DESCRIPTION (provided by applicant): This is a proposal to determine the feasibility and therapeutic benefits of newly discovered benzamide derivatives (BAs) as mono-therapeutic agents or in combination with nucleoside analogues for the treatment of chronic hepatitis B. BAs were identified in our laboratory as inhibitors of hepatitis B virus (HBV) pregenomic (pg) RNA encapsidation, which is essential for the subsequent viral DNA synthesis. They are mechanistically distinct from, and should thus complement, the currently FDA-approved antiviral medications. In addition, inhibition of pgRNA encapsidation, or the nucleocapsid assembly, should not only preclude HBV genome replication and virion production, it might also disrupt the metabolism of HBV pgRNA-reverse transcriptase (RT) complex and core protein, which could consequentially interfere with the host innate antiviral immune response and cccDNA function in the infected hepatocytes. Unlike other pgRNA encapsidation inhibitors reported thus far, our benzamide pgRNA encapsidation inhibitors also effectively inhibit woodchuck hepatitis virus (WHV), which allows for the evaluation of the therapeutic benefits of this class of antivirals in a hepadnavirus chronically infected animal model for the first time. We, therefore, propose in this project to perform further lead optimization, and advance compounds with the most favorable ADME, safety and pharmacokinetic (PK) profiles for antiviral efficacy study in the WHV-infected woodchucks in vivo. Meanwhile, we will continue our efforts toward understanding the molecular mechanism by which BAs inhibit HBV nucleocapsid assembly and their consequential impacts on the interaction between HBV and its host hepatocytes. At the completion of this project, we will have a better understanding of the potential clinical benefits of pgRNA encapsidation-targeted antiviral therapy, either alone or in combination with nucleoside analogues in particular, and strategic insights in to the development of antiviral regimes for the cure of chronic hepatitis B infection in general. A decision on further preclinical/clinical development of the lead BAs compounds will be made accordingly.
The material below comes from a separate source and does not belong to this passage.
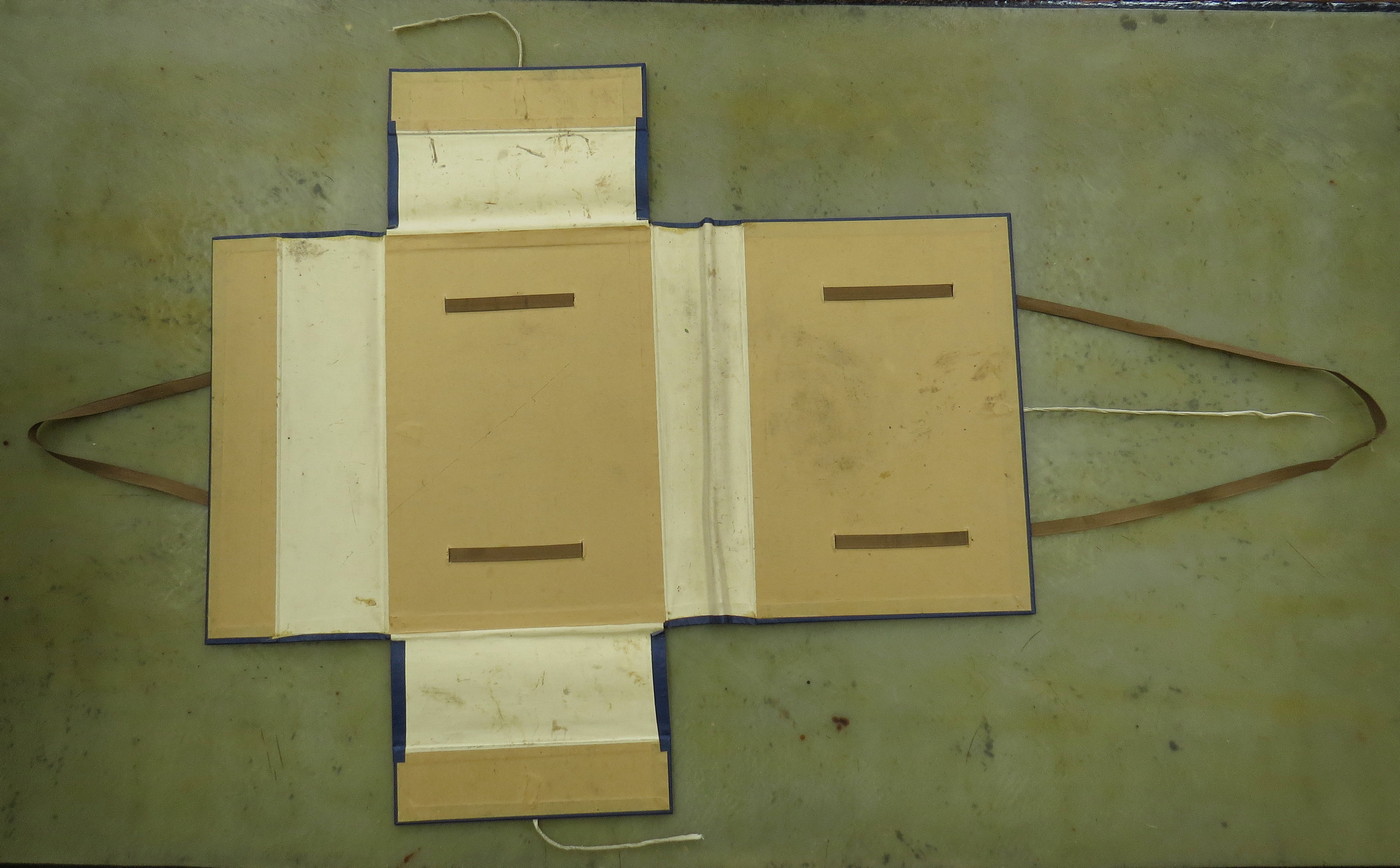 Там не то что обивка может быть - вот старые папки - они, в общем, скорее из какого-то картона - не рифлёного, а плотного - но не особо толстого - и обклеены снаружи тканью (кажется, даже просто х/б) - то есть если положить заготовку наружной стороной на ткань, подогнуть - и изнутри тоже заклеить - закрыть, чтоб и подгибку тоже - только уже бумагой. Мы пытались понять, чем клеено - кажется, всё-таки ПВА..

描述（由申请人提供）：这是确定新发现的苯甲酰胺衍生物（BAS）作为单疗法剂的可行性和治疗益处的建议，或者与核苷类似物结合使用核苷类似物，用于治疗慢性乙型肝炎B的BAS B bas B BAS在我们的实验室中鉴定为hepatiation senta is eent基因抑制剂（HEBV）。随后的病毒DNA合成。它们在机械上与当前FDA批准的抗病毒药物相反，因此应补充。 In addition, inhibition of pgRNA encapsidation, or the nucleocapsid assembly, should not only preclude HBV genome replication and virion production, it might also disrupt the metabolism of HBV pgRNA-reverse transcriptase (RT) complex and core protein, which could consequentially interfere with the host innate antiviral immune response and cccDNA function in the infected hepatocytes.与迄今为止报道的其他PGRNA封装抑制剂不同，我们的苯甲胺PGRNA封装抑制剂也有效地抑制了Woodchuck肝炎病毒（WHV），这允许评估该类别的抗病毒药物在A中的治疗益处 肝病病毒首次长期感染动物模型。因此，我们建议在该项目中进行进一步的铅优化，并具有最有利的ADME，安全性和药代动力学（PK）特征，以在Vivo的WHV感染的Woodchuck中进行抗病毒功效研究。同时，我们将继续努力理解BAS抑制HBV Nucleocapsid组装及其对HBV及其宿主肝细胞相互作用的结果影响的分子机制。该项目完成后，我们将更好地了解PGRNA封装为靶向的抗病毒疗法的潜在临床益处，无论是单独还是与核苷类似物结合使用， 以及为治愈慢性肝炎的抗病毒制度发展的战略见解 B通常感染。将对铅BAS化合物的进一步临床前/临床开发做出决定。